Nimrod programming language

Wed May 13 04:44:11 EDT 2009

On Tue, May 12, 2009 at 3:10 PM,  <rumpf_a at web.de> wrote:
>> You can certainly have a string type that uses byte arrays in UTF-8
>> encoding internally, but your string functions should be aware of that
>> and treat it as a unicode string. The len function and index operators
>> should count characters, not bytes. Add a byte array data type for
>> byte arrays instead.
>>
> It's not easy.
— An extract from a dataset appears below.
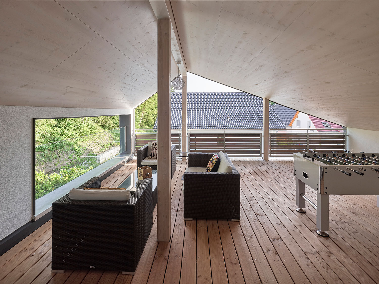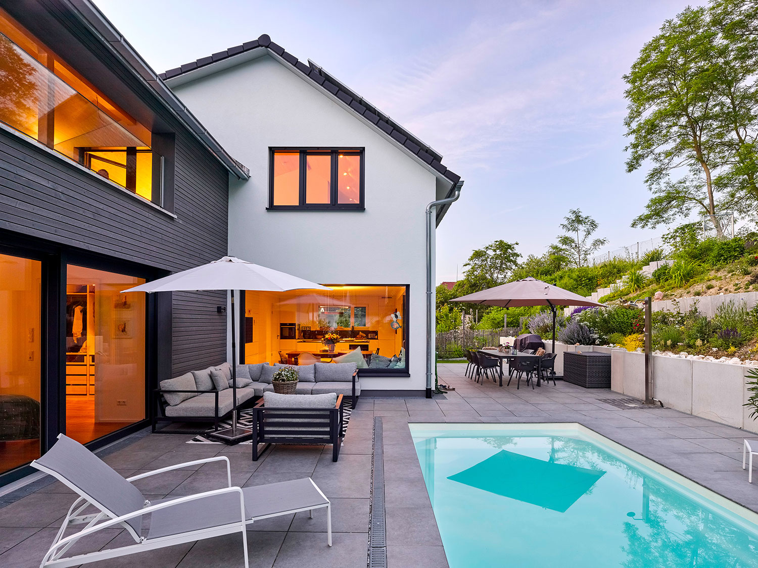 In einem Seitenflügel, der den Garten vor Einsicht schützt, liegt der Bereich der Eltern. Der Wohnraum im Dachgeschoss wird durch eine wettergeschützten, und überdachte Dachterrasse erweitert und rundet das Konzept ab.

I think Python3's byte arrays have an "upper" method
> (and a string literal syntax b"abc") which is quite alarming to me
> that they chose the wrong default.

I suppose that is to make it possible to use the 'bytes' data type for
text strings if you really want to (and for backwards-compatibility).
Default text strings should use Unicode (as in Python 3), and that
should be supported by the language.

> Eventually the "rope" data structure (that the compiler uses heavily)
> will become a proper part of the library: By "rope" I mean an
> immutable string implemented as a tree, so concatenation is O(1). For
> immutable strings there is no ``[]=`` operation, so using UTF-8 and
> converting it to a 32bit char works better.

Consider a string class that keeps track of its own encoding and can
change it on the fly as needed.

-- 
martin at librador.com
http://www.librador.com